Van Hinte's book was published in Holland in 1928. The translation into English in 1985 took a Dutch team 7 years. |
To help us understand what was behind this movement, a handy book is available.
Why Dutch People Looked to the USA
Jacob Van Hinte took a six-week summer trip to the United States in 1921. He sailed at 32 on the S.S. Rotterdam IV, under the flag of the Holland-America Line. (The ship broke apart on Oct. 12, 1883 and was scrapped.)
As many people do when they go to a new country, Van Hinte kept a detailed diary. As few people do, however, Van Hinte expanded his observations during the next seven years into a chronicle (in Dutch) that overflowed into 1,000 pages in two volumes.

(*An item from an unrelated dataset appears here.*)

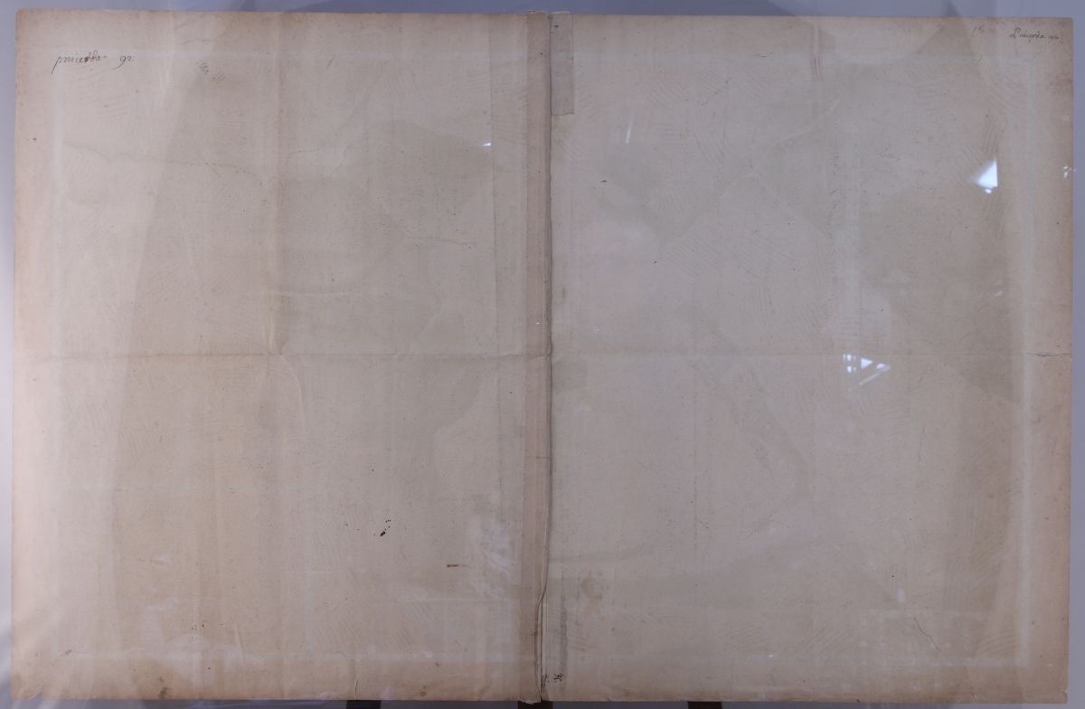 Haut. 52,5, Larg. 82 cm. (plis, petites déchirures et légères traces de rousseurs sur les bords)

He visited East Coast Dutch "colonies" such as Paterson, N.J. and thriving Dutch settlements in the Upper Midwest and Plains states. Van Hinte visited with first and second generation colonists and studied primary sources.
The biggest success story he found was the pioneering initiative of Dr. Albertus Van Raalte in founding Holland, Michigan. Van Hinte seems to have spent the rest of his life writing and teaching from his 1921 trip. He examined failures as well as successes in Dutch ventures in the USA.
His book was translated into English as Netherlanders in America six decades after it was first written. It took as long to translate as to write.
Visiting Boissevains
Van Hinte describes the joint efforts of two Boissevains to bring Dutch money and people to America:
- Adolphe Boissevain, leader of Boissevain & Co., in 1880 started to urge Dutch people to settle in Virginia and invest in the financing of railways and other U.S. projects such as farm exports. He was made director of a railway and the towns of Boissevain, West Virginia and Boissevain, Manitoba were named after him. The railways were a big success but the effort to settle more Dutch people in Virginia was not. The British presence, after all, was deeply entrenched in Virginia.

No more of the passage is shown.